> [Directions]: Write out, word for word, the part of the listing below that opens with the line containing "needs some protein." and closes with the line containing "Pada tahun 2020, kegiatan", keeping both of those lines and adding no others.

> [Data for review]:
*** Block opens ***
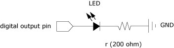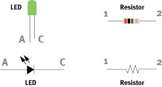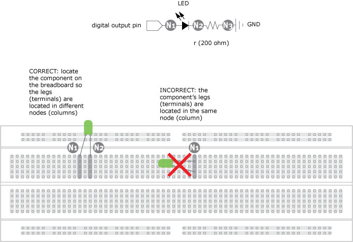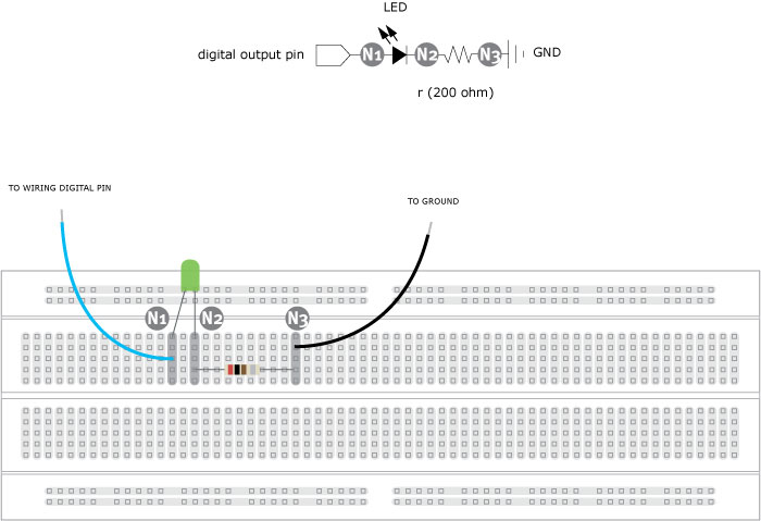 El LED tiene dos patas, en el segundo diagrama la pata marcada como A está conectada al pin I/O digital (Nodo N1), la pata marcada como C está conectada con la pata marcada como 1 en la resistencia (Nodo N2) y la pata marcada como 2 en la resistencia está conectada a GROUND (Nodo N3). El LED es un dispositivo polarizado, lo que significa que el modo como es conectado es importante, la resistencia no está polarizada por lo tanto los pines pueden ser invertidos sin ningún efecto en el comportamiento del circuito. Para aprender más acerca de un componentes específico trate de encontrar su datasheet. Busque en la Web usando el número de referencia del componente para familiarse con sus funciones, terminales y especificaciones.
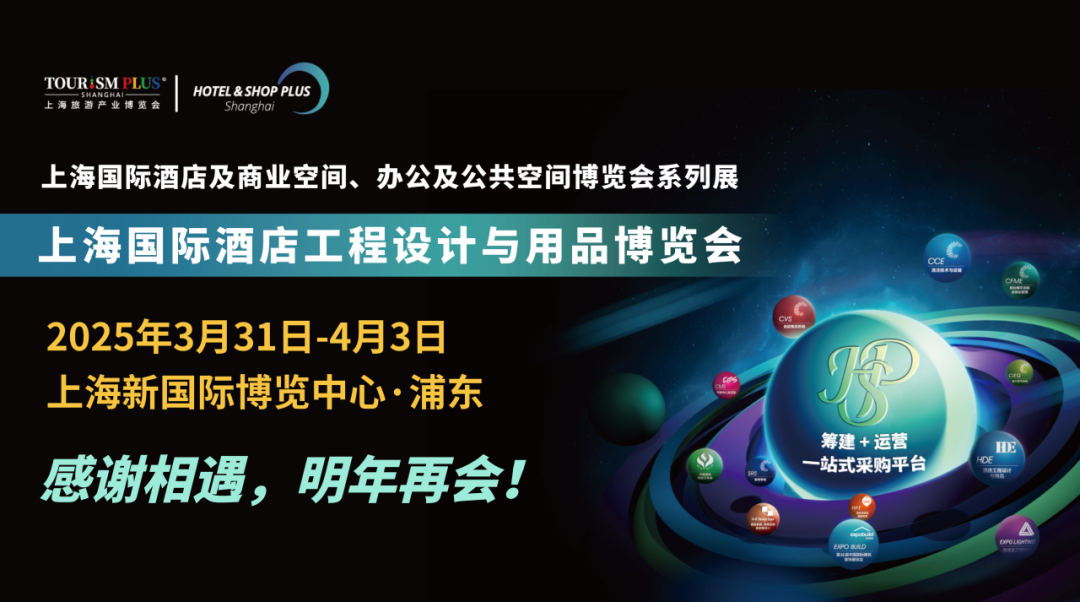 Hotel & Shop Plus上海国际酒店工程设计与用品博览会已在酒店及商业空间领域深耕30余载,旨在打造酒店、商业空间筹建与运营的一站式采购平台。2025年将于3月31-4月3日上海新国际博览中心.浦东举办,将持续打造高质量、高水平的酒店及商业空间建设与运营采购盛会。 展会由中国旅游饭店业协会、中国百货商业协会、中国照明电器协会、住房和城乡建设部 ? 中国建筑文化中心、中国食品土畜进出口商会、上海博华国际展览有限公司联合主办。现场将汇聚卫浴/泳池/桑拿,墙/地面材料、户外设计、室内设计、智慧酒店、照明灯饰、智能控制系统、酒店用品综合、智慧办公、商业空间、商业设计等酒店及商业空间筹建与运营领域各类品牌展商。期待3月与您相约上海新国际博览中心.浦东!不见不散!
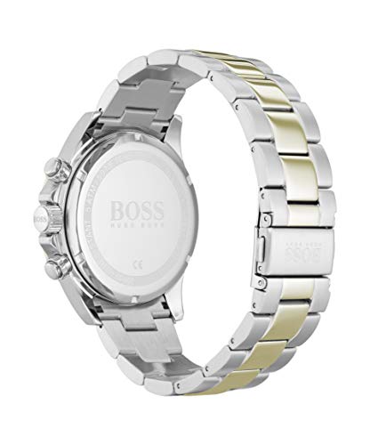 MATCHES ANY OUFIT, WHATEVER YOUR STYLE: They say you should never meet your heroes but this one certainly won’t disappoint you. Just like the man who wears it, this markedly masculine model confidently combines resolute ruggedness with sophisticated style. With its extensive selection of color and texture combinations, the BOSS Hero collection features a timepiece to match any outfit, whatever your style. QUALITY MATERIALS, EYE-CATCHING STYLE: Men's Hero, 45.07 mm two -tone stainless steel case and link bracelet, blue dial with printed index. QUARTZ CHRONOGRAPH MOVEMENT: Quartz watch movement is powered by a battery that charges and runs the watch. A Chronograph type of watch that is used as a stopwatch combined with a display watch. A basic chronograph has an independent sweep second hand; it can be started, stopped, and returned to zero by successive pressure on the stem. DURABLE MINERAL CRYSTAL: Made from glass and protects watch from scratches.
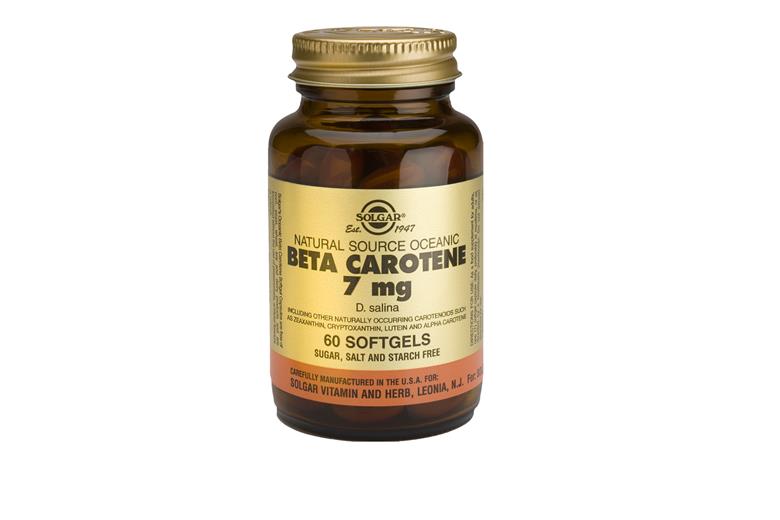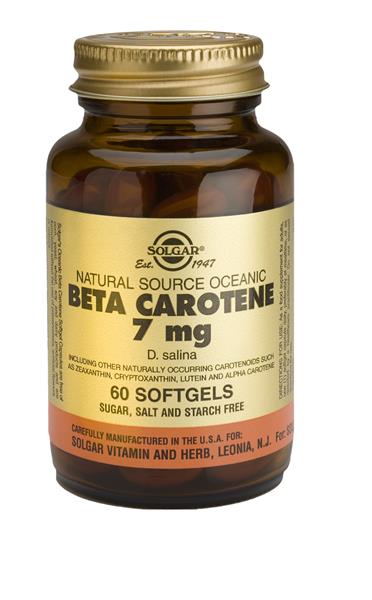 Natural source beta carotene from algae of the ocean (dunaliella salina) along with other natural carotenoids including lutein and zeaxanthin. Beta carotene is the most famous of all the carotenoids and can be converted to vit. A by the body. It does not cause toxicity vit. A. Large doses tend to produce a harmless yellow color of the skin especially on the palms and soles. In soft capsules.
*** Block closes ***
*** Block opens ***
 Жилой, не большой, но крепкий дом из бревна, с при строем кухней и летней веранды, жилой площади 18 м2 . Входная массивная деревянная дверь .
*** Block closes ***
*** Block opens ***
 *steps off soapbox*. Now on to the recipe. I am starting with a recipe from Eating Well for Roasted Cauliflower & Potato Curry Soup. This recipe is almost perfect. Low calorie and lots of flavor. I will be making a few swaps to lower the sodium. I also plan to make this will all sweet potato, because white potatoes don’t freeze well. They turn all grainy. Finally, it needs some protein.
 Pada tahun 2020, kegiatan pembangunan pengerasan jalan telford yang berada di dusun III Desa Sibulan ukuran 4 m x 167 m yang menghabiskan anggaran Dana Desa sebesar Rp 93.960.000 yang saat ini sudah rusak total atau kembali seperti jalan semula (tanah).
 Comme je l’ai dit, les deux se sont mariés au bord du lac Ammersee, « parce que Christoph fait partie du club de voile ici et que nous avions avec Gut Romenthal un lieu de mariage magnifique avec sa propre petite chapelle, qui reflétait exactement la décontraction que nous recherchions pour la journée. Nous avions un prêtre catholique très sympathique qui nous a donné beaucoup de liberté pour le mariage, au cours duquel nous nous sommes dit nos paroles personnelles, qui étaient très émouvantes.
*** Block closes ***
> [Result]:
 *steps off soapbox*. Now on to the recipe. I am starting with a recipe from Eating Well for Roasted Cauliflower & Potato Curry Soup. This recipe is almost perfect. Low calorie and lots of flavor. I will be making a few swaps to lower the sodium. I also plan to make this will all sweet potato, because white potatoes don’t freeze well. They turn all grainy. Finally, it needs some protein.
 Pada tahun 2020, kegiatan pembangunan pengerasan jalan telford yang berada di dusun III Desa Sibulan ukuran 4 m x 167 m yang menghabiskan anggaran Dana Desa sebesar Rp 93.960.000 yang saat ini sudah rusak total atau kembali seperti jalan semula (tanah).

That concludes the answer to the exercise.